This species lived in rainforest, wet sclerophyll forest and riverine gallery open forest at 350 m asl and was closely associated with watercourses and adjacent rock pools and soaks (Czechura 1991, Meyer et al. 2001). These streams are mostly perennial, but in extremely dry years they may cease to flow (Ingram 1983). The vegetation along the stream banks is usually closed forest or tall closed forest with emergent eucalypts, although there are some sites in open forest with grassy ground cover (Ingram 1983). In spring and summer individuals were usually found in or at the edge of rock pools, either amongst leaf-litter, under and between stones or in crevices around the edge (Ingram 1983). The species was also found under rock in shallow water in backwaters and also the main flow of permanent watercourses (Ingram 1983, Czechura 1991).
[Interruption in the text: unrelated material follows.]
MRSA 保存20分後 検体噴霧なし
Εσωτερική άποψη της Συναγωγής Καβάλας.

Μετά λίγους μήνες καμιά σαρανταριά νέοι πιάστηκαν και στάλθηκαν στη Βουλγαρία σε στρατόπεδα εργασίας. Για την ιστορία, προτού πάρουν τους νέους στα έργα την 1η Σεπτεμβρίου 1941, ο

Searches of popular sites in winter only recovered two frogs and it is assumed that the species hibernated in deep crevices in rocks or spaces between rocks underwater during the colder months (Ingram 1983). Adult males tended to prefer deeper pools, whereas females and juveniles may have moved to newly created pools after rain as long as these pools contained stones and/or leaf-litter (Ingram 1983). The prerequisite for the use of pools by this species seemed to be that the pool must be deep enough for the frog to be able to sit with its head out of the water and be able to safely submerge (Ingram 1983). Individuals would only sit fully exposed on the rocks during light rain (Ingram 1983). The species was never recorded from cleared riparian habitat.
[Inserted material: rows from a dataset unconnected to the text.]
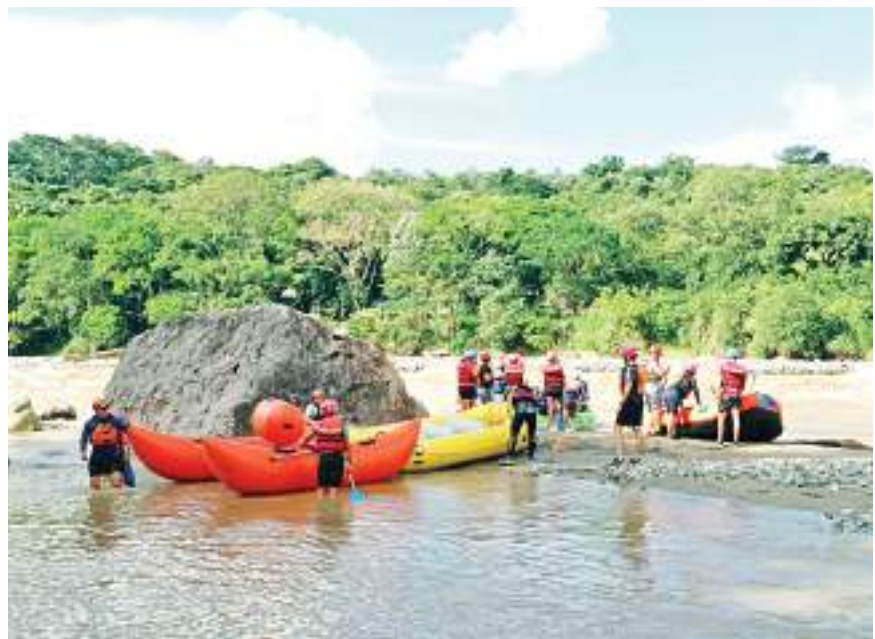
Unas 50 personas participaron en las pruebas para obtener la patente.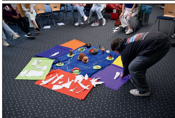
Abb.: Gesine Kleinwächter mit den Schülerinnen und Schülern der 5. Klassen.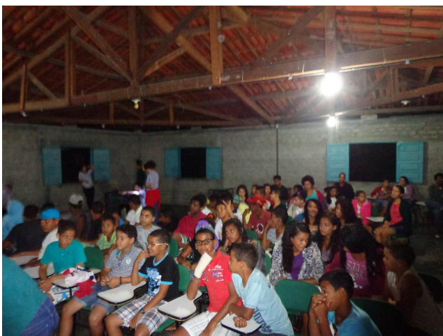
FIGURA 3 – O CCT NO MOMENTO DE SERÃO NA EFA-VALENTE: OPORTUNIDADE DE FORTALECIMENTO DAS APRENDIZAGENS.

Foto: João Paulo Silva, 09 de julho de 2015.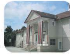
41 Windsor Elementary 6166 Imperial St. Burnaby, BC V5J 1G5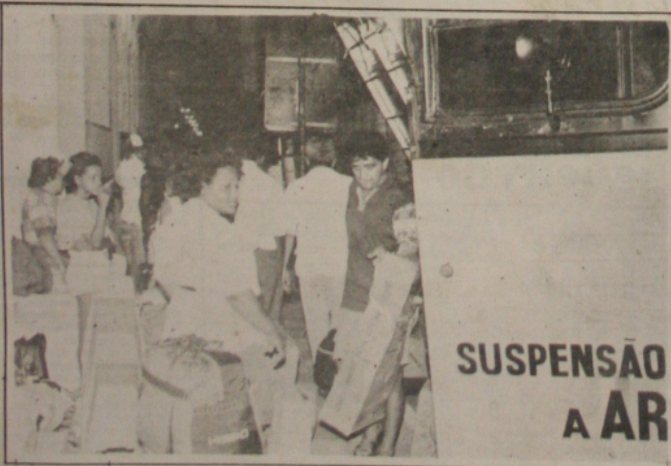
Os ônibus e os passageiros ficaram retidos na PF, que apreendeu todas as mercadorias

Breeding activity occurred between October and December (Ingram 1983). Males called from rock crevices above pools (Ingram 1983). Females brood young within their stomach and gave birth through the mouth (Tyler and Carter 1982). Fertilized eggs or early stage larvae were presumably swallowed by the female and completed their development in the stomach (Tyler and Carter 1982). The number of eggs in gravid females (approximately 40) exceeded the number of juveniles found to occur in the stomach (21–26) (Tyler 1989). It is not known whether or not the excess eggs were digested by the female or whether or not they were simply not swallowed (Tyler 1989). The production of hydrochloric acid in the stomach of the female ceased during brooding (Tyler et al. 1983). Tadpoles developed in a manner similar to the aquatic tadpoles of other species though, as they fed off egg yolk, the labial teeth were absent and the intestines formed at a later stage of development (Tyler 1989). After 6–7 weeks the females gave birth to up to 25 young (Tyler and Davies 1983a). Young emerged from the female’s mouth as fully formed frogs and after four days the digestive tract returned to normal and the female recommenced feeding (Tyler and Davies 1983b). Ingram (1983) reported minimum brooding periods from two individuals of 36 and 43 days and suggested that the duration was such that females were unlikely to breed twice in one season.
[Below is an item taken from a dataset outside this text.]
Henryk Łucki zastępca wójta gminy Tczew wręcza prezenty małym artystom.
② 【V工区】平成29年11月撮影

This Australian endemic species was restricted to elevations between 350 and 800 m asl in the Blackall and Conondale Ranges in southeast Queensland (Hines et al. 1999) with a geographic distribution of less than 1,400 km² (map in Hines et al. 1999). It inhabited streams in the catchments of the Mary, Stanley and Mooloolah River (Ingram 1983). It was thought to have been first found in 1972 (Liem 1973), but Ingram (1991) reported a specimen collected in 1914 from the Blackall Range.

Conservation Actions In-Place
The historical range of the species included included Kondalilla National Park, Conondale National Park, Sunday Creek, State Forest 311, Kenilworth State Forest and private land adjacent to these areas (Hines et al. 1999). It is listed in CITES Appendix II.